Regarding negative symptoms in schizophrenia, eleven studies using TMS were carried out until 2006, with a total of 172 patients studied. These studies are difficult to compare because they used different stimulation parameters and the symptoms described were heterogenic. Six studies were blind and five were open, using high frequency TMS in all of them (frequencies above 1 Hz), which is the type of stimulation most commonly used in treatment studies. Six of these studies found a reduction in the severity of the symptoms, but the reduction was not significant in two of them. Ten were the maximum number of sessions included in every study, except for one, in which 20 sessions of TMS were given.
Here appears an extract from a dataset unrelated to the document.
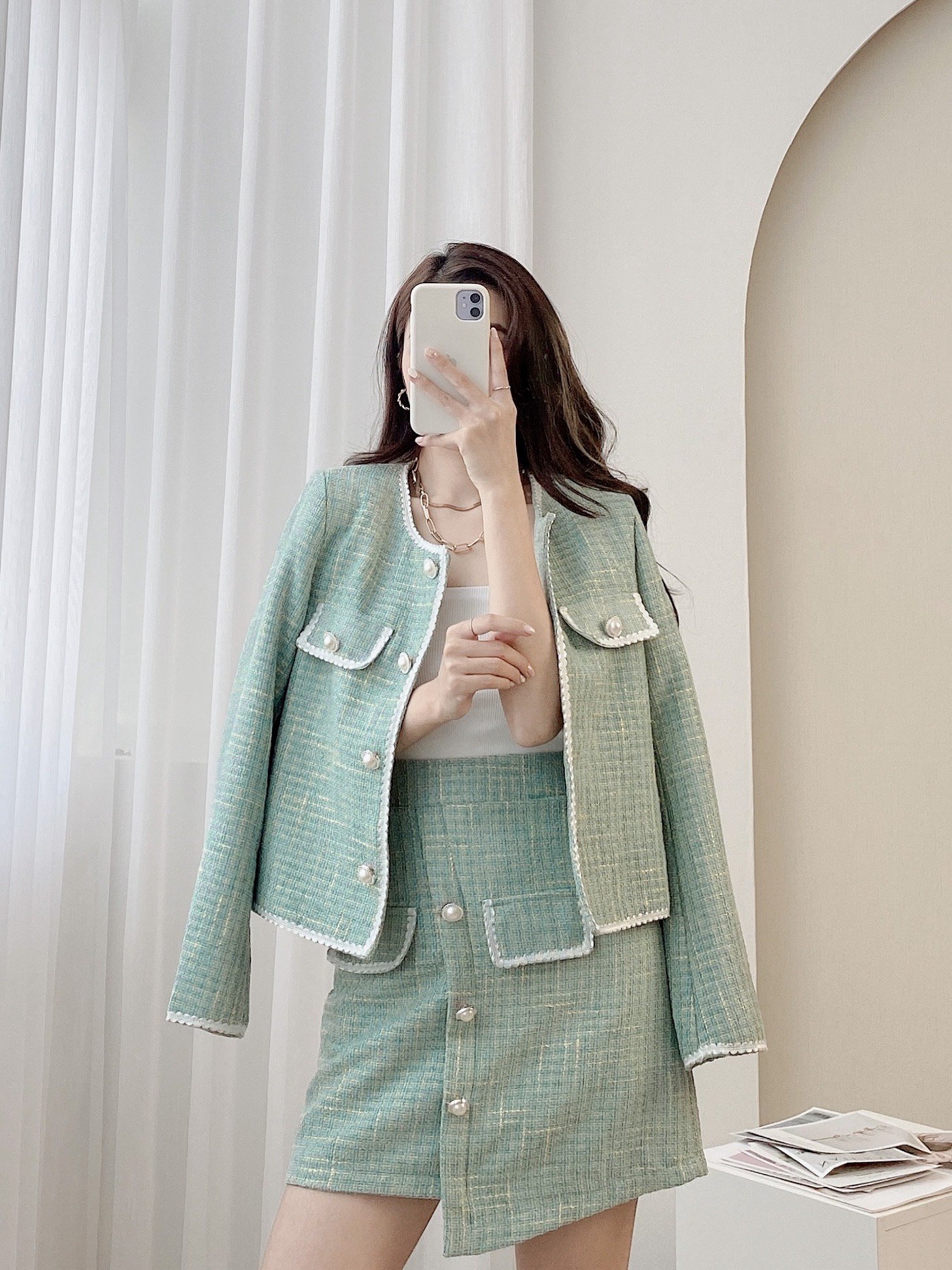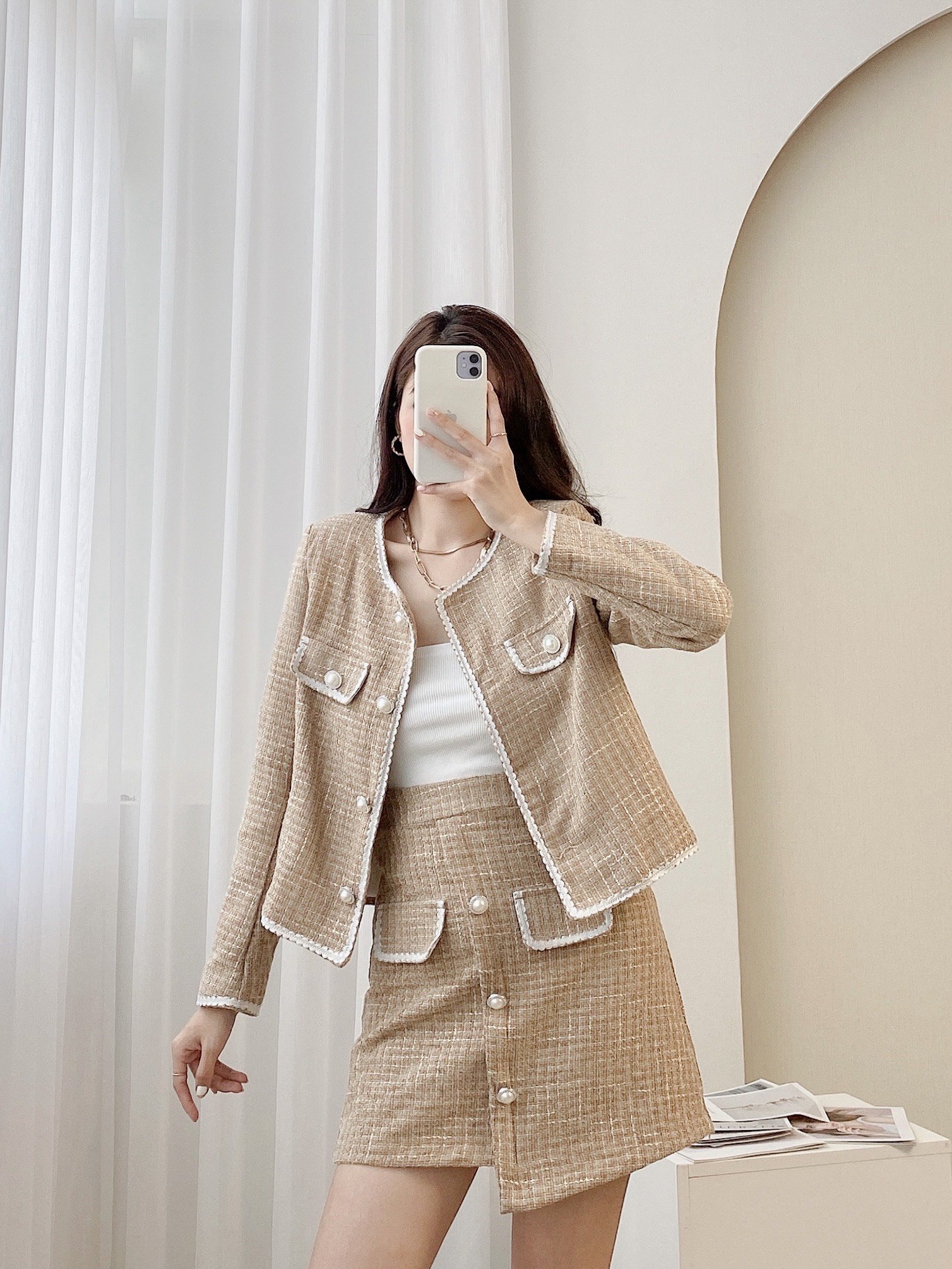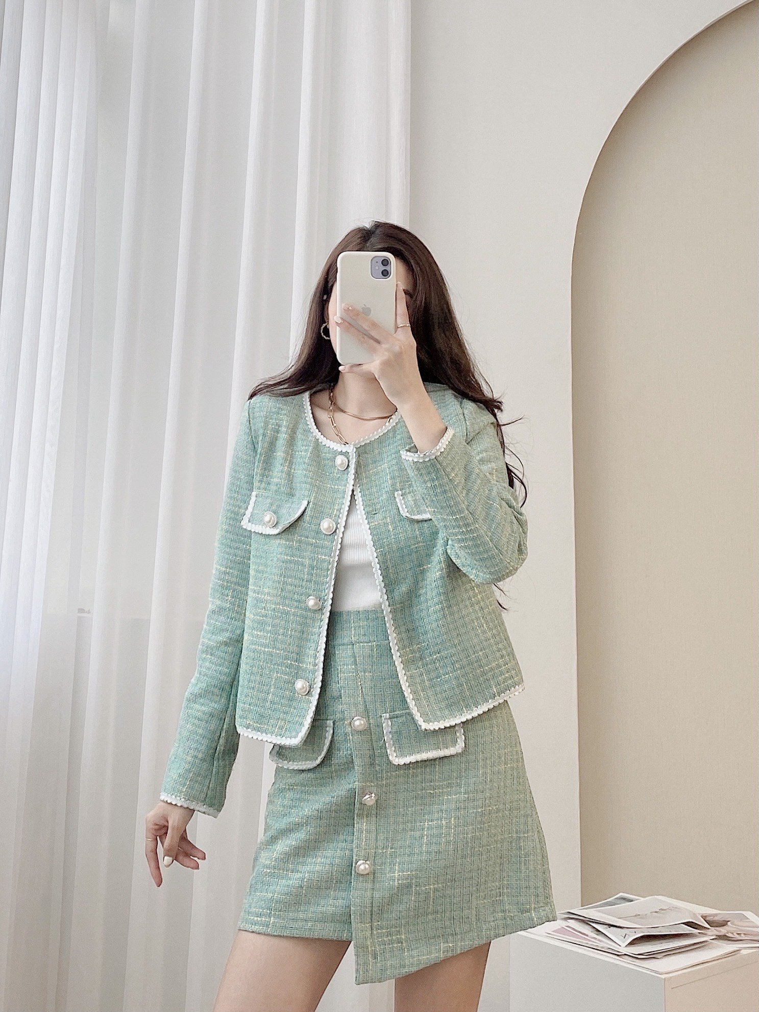 Set Áo Và Chân Váy Hàng Thiết Kế Chất Dạ Tweed 2 Lớp Cúc Ngọc Cao Cấp - Thời Trang Thiết Kế Style By Mm S336

In this study, the score of negative subscale of the PANSS was reduced in 33%, which is considered a significant response, and this result was sustained within the next month. In one of these studies, researchers compared 3- and 20-Hz stimulation with sham stimulation and stimulation provided at the patient’s individual alpha frequency. Alpha-frequency stimulation was calculated as the patient’s peak alpha frequency from five frontal EEG leads. Stimulation of alpha frequency resulted in a significantly greater reduction in negative symptoms than the other conditions. This finding could suggest that negative symptoms may specifically relate to alpha EEG oscillations, which is interesting and requires further exploration and confirmation.
Another two studies were conducted in 2007; in the first one, no improvement in negative, positive of affective symptoms was found. The second one, which was a double-blinded clinical trial, found a significant reduction in the intensity of negative, positive, and general symptoms with the active TMS.
We should remark that TMS produces changes in the cortical activity in ventral and dorsoestratial regions, but other cerebral regions could be stimulated too, since some activation abnormalities in the left globus palidus, bilateral caudate nucleus, prefrontal, and temporal right cortex have been found and are associated with the etiology of the negative syndrome. In addition, it will be interesting to see whether changes in subcortical dopamine release, which were shown with rTMS in normal volunteers, can be demonstrated in clinical populations, such as patients with schizophrenia, and how this may relate to response to treatment. There is still a need for a larger number of controlled studies, with larger samples, longer periods of evaluation, and constant stimulation parameters, so they can be compared between them and the exact efficacy of TMS as a treatment for negative symptoms can be established.